## Your task
Transcribe exactly, and without pictures, only the lines from the one bearing "下》超人气漫画完美复刻 双人木乃伊捆绑蠕动 求救只有一墙之隔~" through the final line of the data below.

## Data shown
• • • • •
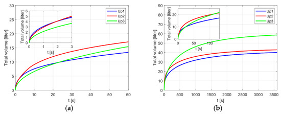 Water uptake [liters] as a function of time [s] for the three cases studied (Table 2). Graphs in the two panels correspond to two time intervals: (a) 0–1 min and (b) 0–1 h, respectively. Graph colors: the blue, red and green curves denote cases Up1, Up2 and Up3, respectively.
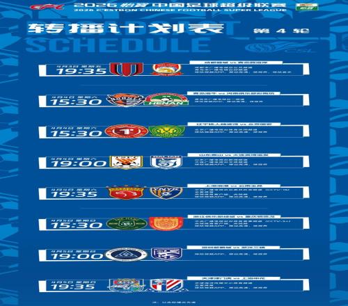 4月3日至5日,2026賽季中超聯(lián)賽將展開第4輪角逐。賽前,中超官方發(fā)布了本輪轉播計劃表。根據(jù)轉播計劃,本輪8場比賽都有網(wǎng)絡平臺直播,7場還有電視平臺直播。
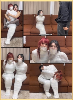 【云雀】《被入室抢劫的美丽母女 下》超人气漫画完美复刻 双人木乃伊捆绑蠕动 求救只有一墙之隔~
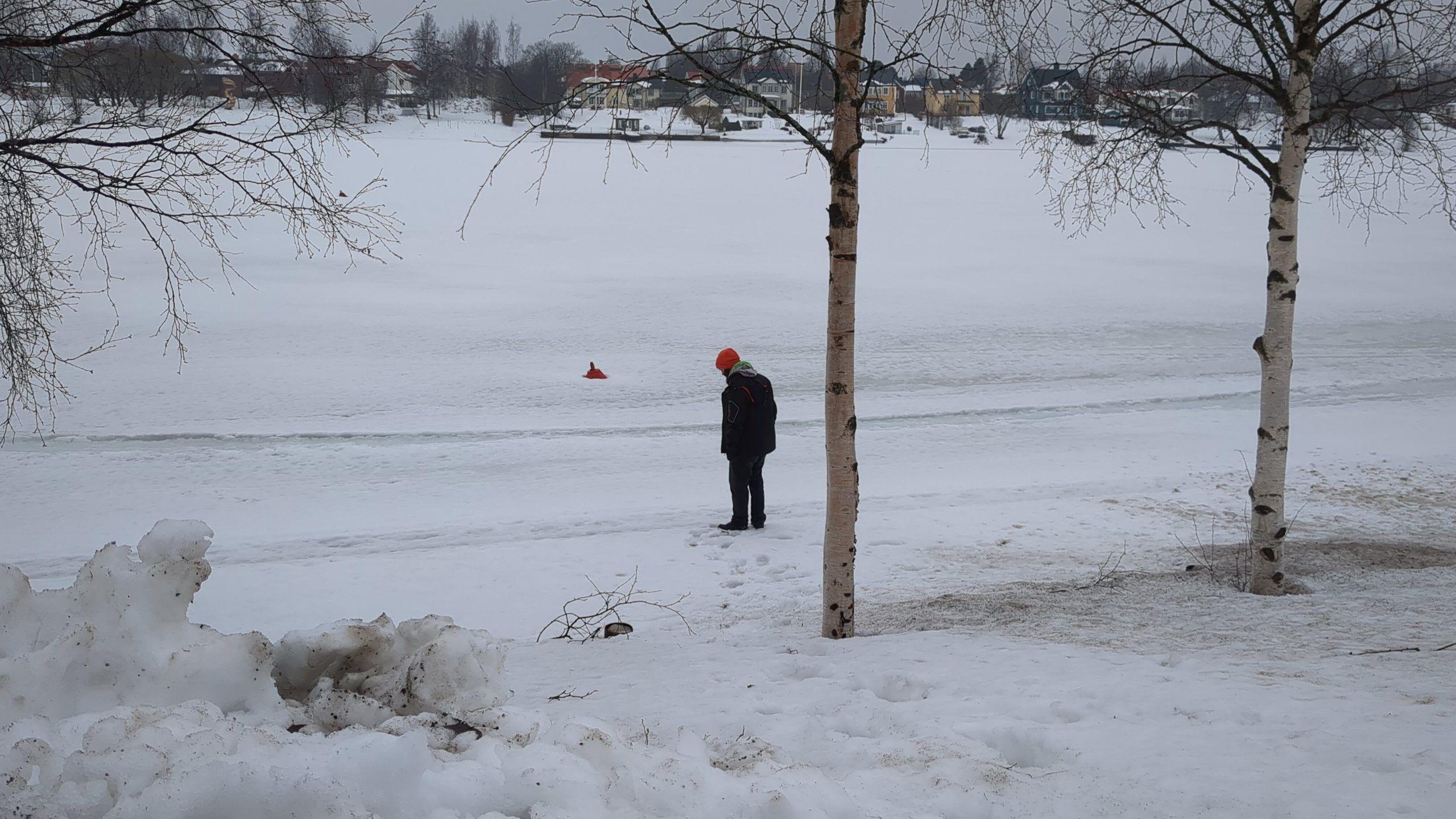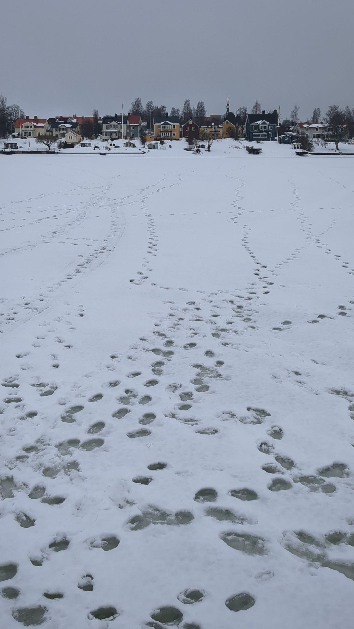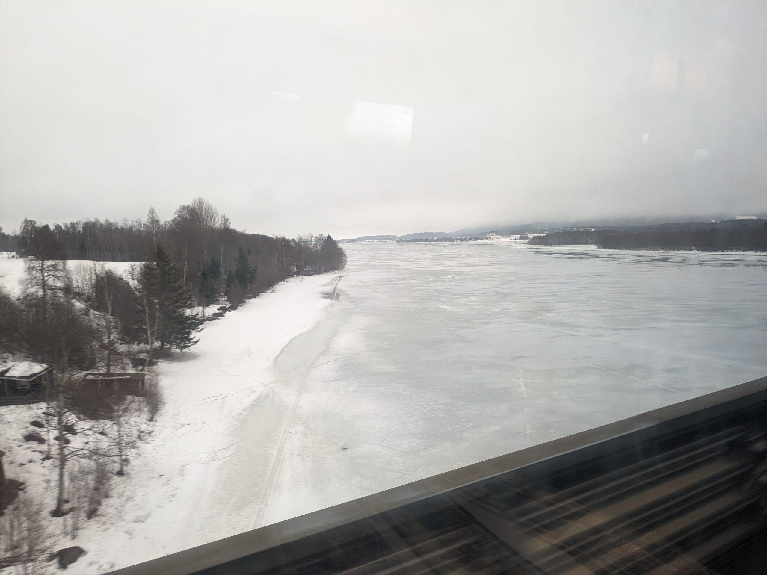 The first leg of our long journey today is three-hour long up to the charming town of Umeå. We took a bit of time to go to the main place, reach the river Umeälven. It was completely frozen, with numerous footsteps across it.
• • • • •
## Your solution
 【云雀】《被入室抢劫的美丽母女 下》超人气漫画完美复刻 双人木乃伊捆绑蠕动 求救只有一墙之隔~
 The first leg of our long journey today is three-hour long up to the charming town of Umeå. We took a bit of time to go to the main place, reach the river Umeälven. It was completely frozen, with numerous footsteps across it.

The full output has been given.